Site Reliability Engineering (SRE)

SRE Team Models & Engagement

18 min Lesson 9 of 29

SRE Team Models & Engagement

Knowing what SRE does is only half the story. The other half is knowing how SRE teams are structured relative to product engineering — and how they engage with services over time. These decisions directly determine whether SRE is a strategic reliability multiplier or just a renamed ops team perpetually drowning in pages.

At Google scale, the model is well-defined: a central SRE organization owns production for a curated set of services, engages via formal Production Readiness Reviews, and can hand services back when reliability degrades. But at Stripe, Netflix, Shopify, and most modern big-tech companies, the model has evolved. Understanding the spectrum — and when to choose each point on it — is a core SRE competency.

The Spectrum: Embedded vs. Platform SRE

SRE team models exist on a spectrum defined by two axes: how close the SRE is to the product team, and who holds the pager for the service.

SRE team models span a spectrum from centralized pager ownership (Google classic) to fully distributed dev-on-call (Amazon). Most mature orgs land in the middle — Platform SRE or Embedded SRE.

Central SRE: The Google Classic Model

In the original Google model, SRE is a separate engineering organization. Product teams develop services and hand them to SRE for production operation — but only after passing a rigorous Production Readiness Review. Once accepted, SRE holds the pager. The product team is freed from on-call but is obligated to respond to SRE escalations and fix reliability issues within agreed SLOs.

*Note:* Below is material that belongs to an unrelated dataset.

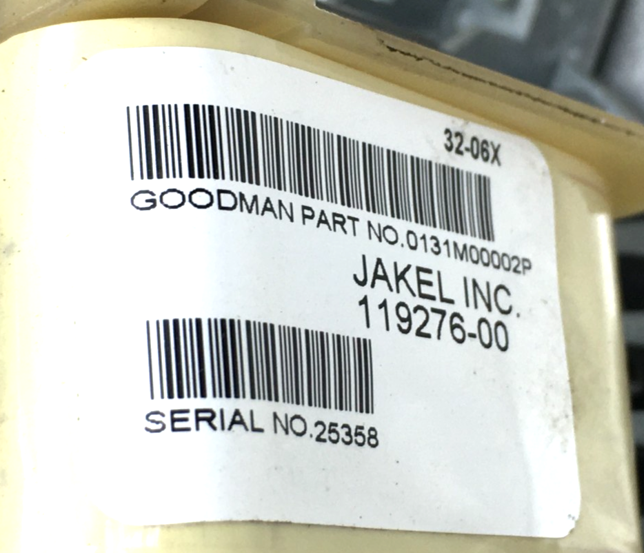 This is Jakel Goodman Inducer Motor J238-112-11258 115V 3000 RPM 119276-00 0131M00002P used part.

The central model creates deep specialization. SREs develop expertise across many services, recognize cross-cutting failure modes, and build tooling used company-wide. The cost is coordination overhead: every change in a service that SRE owns requires SRE involvement. At Google scale, with thousands of SREs and mature engagement processes, this works. At a 200-person company, the overhead usually kills velocity.

Why Google can run this model: Google built Borg (now Kubernetes), Spanner, Monarch, and dozens of internal reliability platforms over decades. The platform is so mature that SREs can context-switch between services without rebuilding tribal knowledge each time. Without that infrastructure foundation, the central model fragments into organizational silos.

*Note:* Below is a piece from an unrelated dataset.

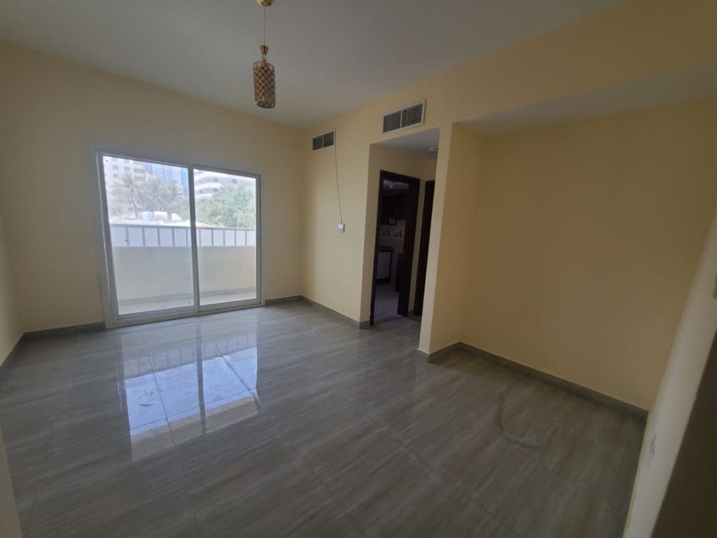 One - bedroom apartment on Ajman Corniche, 30000, two bathrooms, master bedroom, balcony, excellent view, central air conditioning and cooling system, maintenance by the owner, new building, high - end finishes, and a distinguished location on Ajman Corniche

Platform SRE: Scaling Without Owning

The Platform SRE model is the dominant pattern at hyperscale non-Google companies. A dedicated SRE team owns the reliability infrastructure — the observability stack, the incident management platform, the deployment pipelines, the chaos tooling, the on-call scheduling system, the SLO dashboard framework — but does not own individual service pagers. Product teams are on-call for their own services, but they use standardized, SRE-built tooling to do it.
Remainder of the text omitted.